**Assignment**
For this exercise, repeat exactly the lines below starting at the line holding "Canvas Schilderij Bloem" and ending at the line holding "Построение ведется по", both included, with no extra lines and no pictures.

**Source data**
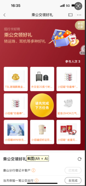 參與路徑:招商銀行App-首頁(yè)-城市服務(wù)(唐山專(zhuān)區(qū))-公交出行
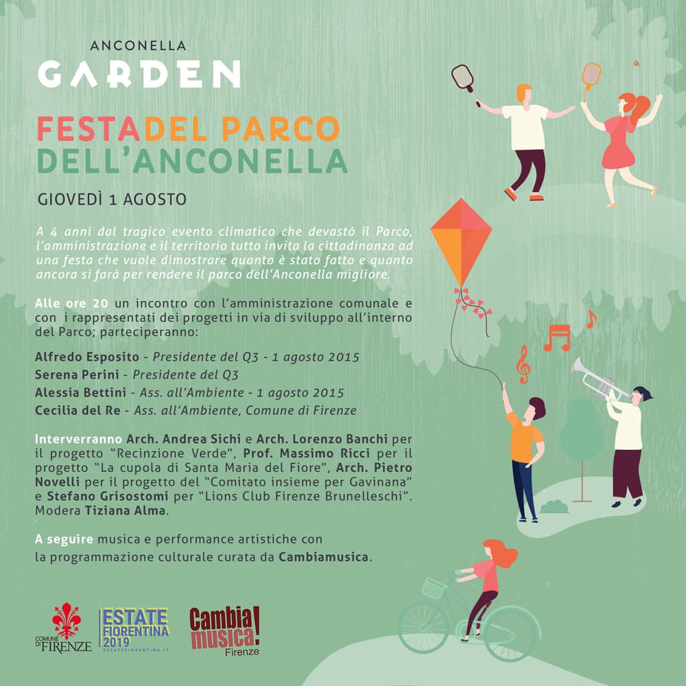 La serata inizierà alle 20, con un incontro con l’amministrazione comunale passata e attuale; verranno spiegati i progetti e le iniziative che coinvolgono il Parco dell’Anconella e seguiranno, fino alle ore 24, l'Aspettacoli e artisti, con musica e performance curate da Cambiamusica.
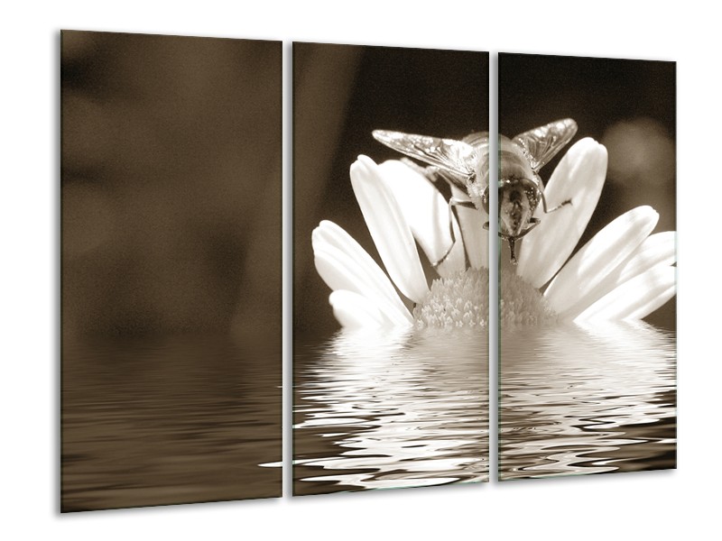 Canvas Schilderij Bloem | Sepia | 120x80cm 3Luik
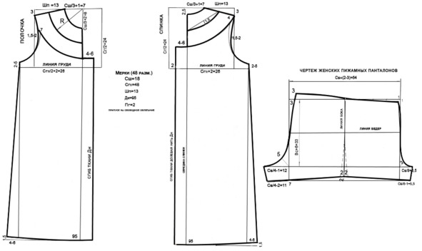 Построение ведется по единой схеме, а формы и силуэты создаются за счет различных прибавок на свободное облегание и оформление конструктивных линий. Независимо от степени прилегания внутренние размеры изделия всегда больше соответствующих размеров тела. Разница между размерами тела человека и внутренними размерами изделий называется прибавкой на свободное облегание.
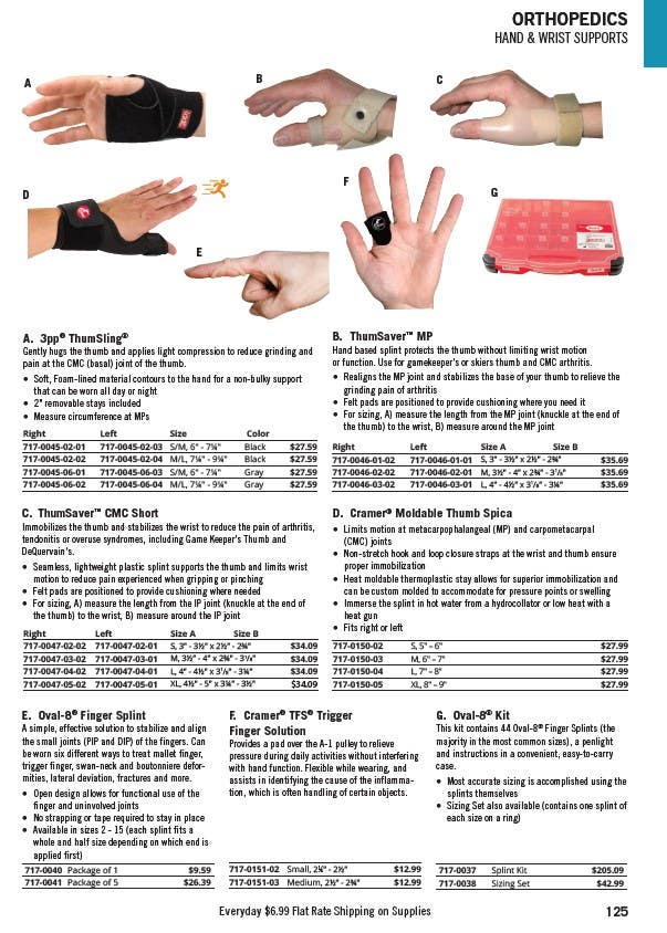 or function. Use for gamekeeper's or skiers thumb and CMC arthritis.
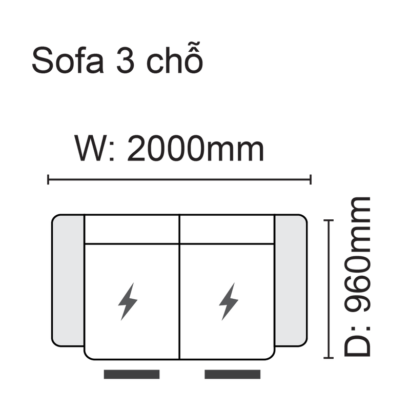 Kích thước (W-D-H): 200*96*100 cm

**Exercise result**
 Canvas Schilderij Bloem | Sepia | 120x80cm 3Luik
 Построение ведется по единой схеме, а формы и силуэты создаются за счет различных прибавок на свободное облегание и оформление конструктивных линий. Независимо от степени прилегания внутренние размеры изделия всегда больше соответствующих размеров тела. Разница между размерами тела человека и внутренними размерами изделий называется прибавкой на свободное облегание.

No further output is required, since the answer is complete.